Write out exactly, excluding pictures, the lines from the one containing "记者在网上看到,除了国画以外" through the end of the data, both included.

### Information supplied
◆ ◆ ◆ ◆

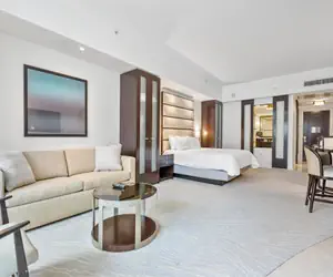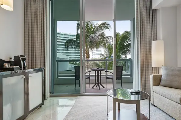 Located in the iconic Fontainebleau Hotel, one of the most sought-after beachfront destinations in Miami Beach, this deluxe Junior Suite is the perfect retreat for your vacation. Thoughtfully designed for comfort and convenience, the suite features a king-size bed with luxurious linens and goose-down pillows, along with a sleeper sofa that comfortably accommodates two adults. Guests can enjoy modern amenities, including a Smart TV, high-speed Wi-Fi, and a dedicated workspace. A breakfast bar equipped with a small sink, coffee maker, microwave, toaster, and mini fridge adds to the convenience. The opulent marble bathroom includes a jetted tub, a shower, and a makeup vanity, offering a spa-like experience.
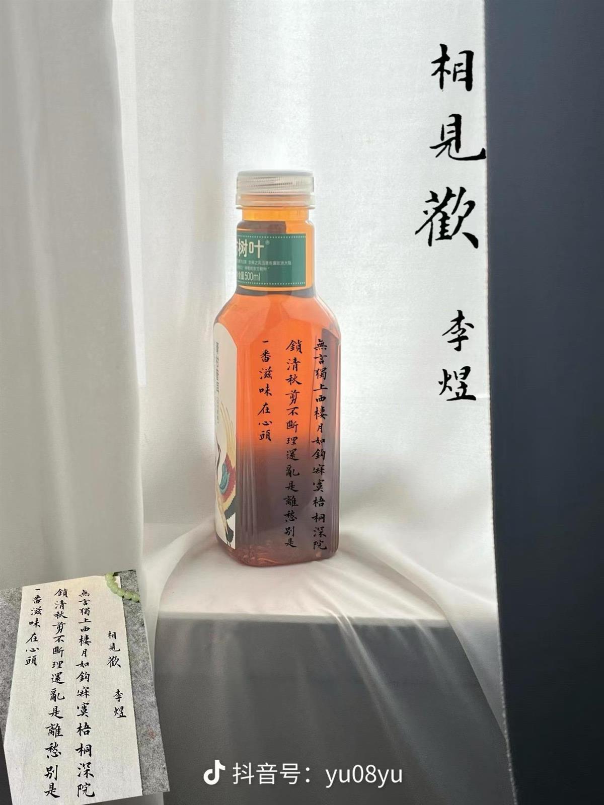 记者在网上看到,除了国画以外,还有一些网友在东方树叶饮料瓶上的书法作品关注度也非常高。其中“送君茉莉,愿君莫离”用东方树叶茉莉花茶的谐音表达情谊,深得网友喜爱,冲上热榜。另外,还有《虞美人》、《相见欢》等书法作品也点赞颇高,网友们边转发边点赞,还不忘调侃:没文化都不能喝东方树叶了。
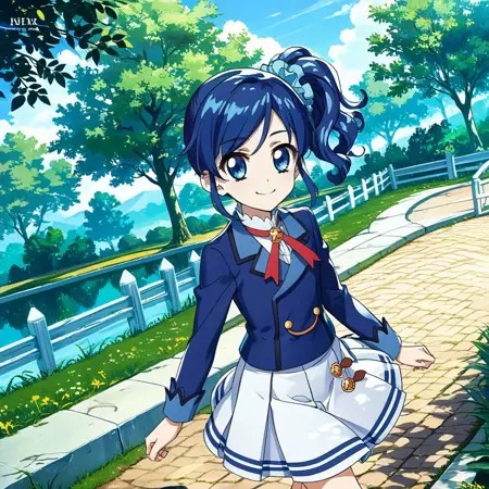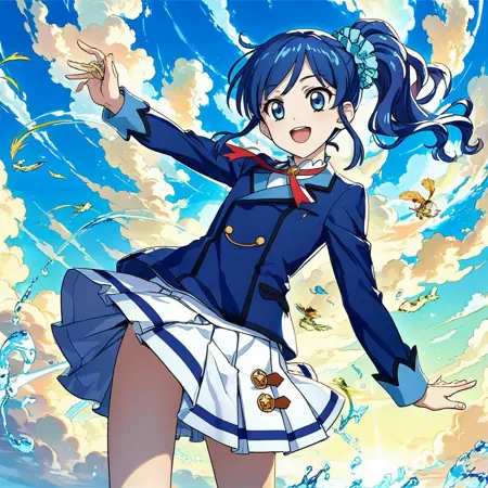 trigger: kiriya aoi, blue hair, blue eyes, side ponytail, long hair,hair scrunchie, blue scrunchie, starlight academy school uniform,blue jacket,white skirt, white footwear, knee boots,
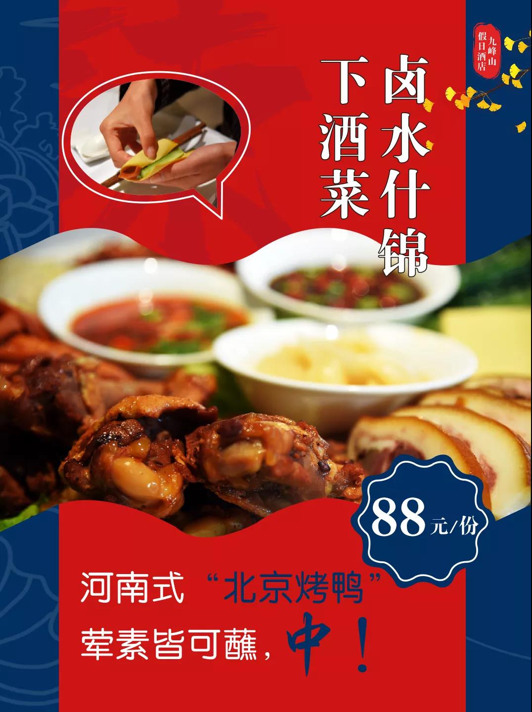 看到這里,是時候抄起電話約上朋友火速出門。30元起豬肚雞套餐的頭等好事,怎么能沒有你呢?還有23元起的鹵味什錦的鉅惠空降,快一起去九峰山吃喝玩樂吧!預訂熱線:03756870688

◆ ◆ ◆ ◆

### Result of this task
 记者在网上看到,除了国画以外,还有一些网友在东方树叶饮料瓶上的书法作品关注度也非常高。其中“送君茉莉,愿君莫离”用东方树叶茉莉花茶的谐音表达情谊,深得网友喜爱,冲上热榜。另外,还有《虞美人》、《相见欢》等书法作品也点赞颇高,网友们边转发边点赞,还不忘调侃:没文化都不能喝东方树叶了。
 trigger: kiriya aoi, blue hair, blue eyes, side ponytail, long hair,hair scrunchie, blue scrunchie, starlight academy school uniform,blue jacket,white skirt, white footwear, knee boots,
 看到這里,是時候抄起電話約上朋友火速出門。30元起豬肚雞套餐的頭等好事,怎么能沒有你呢?還有23元起的鹵味什錦的鉅惠空降,快一起去九峰山吃喝玩樂吧!預訂熱線:03756870688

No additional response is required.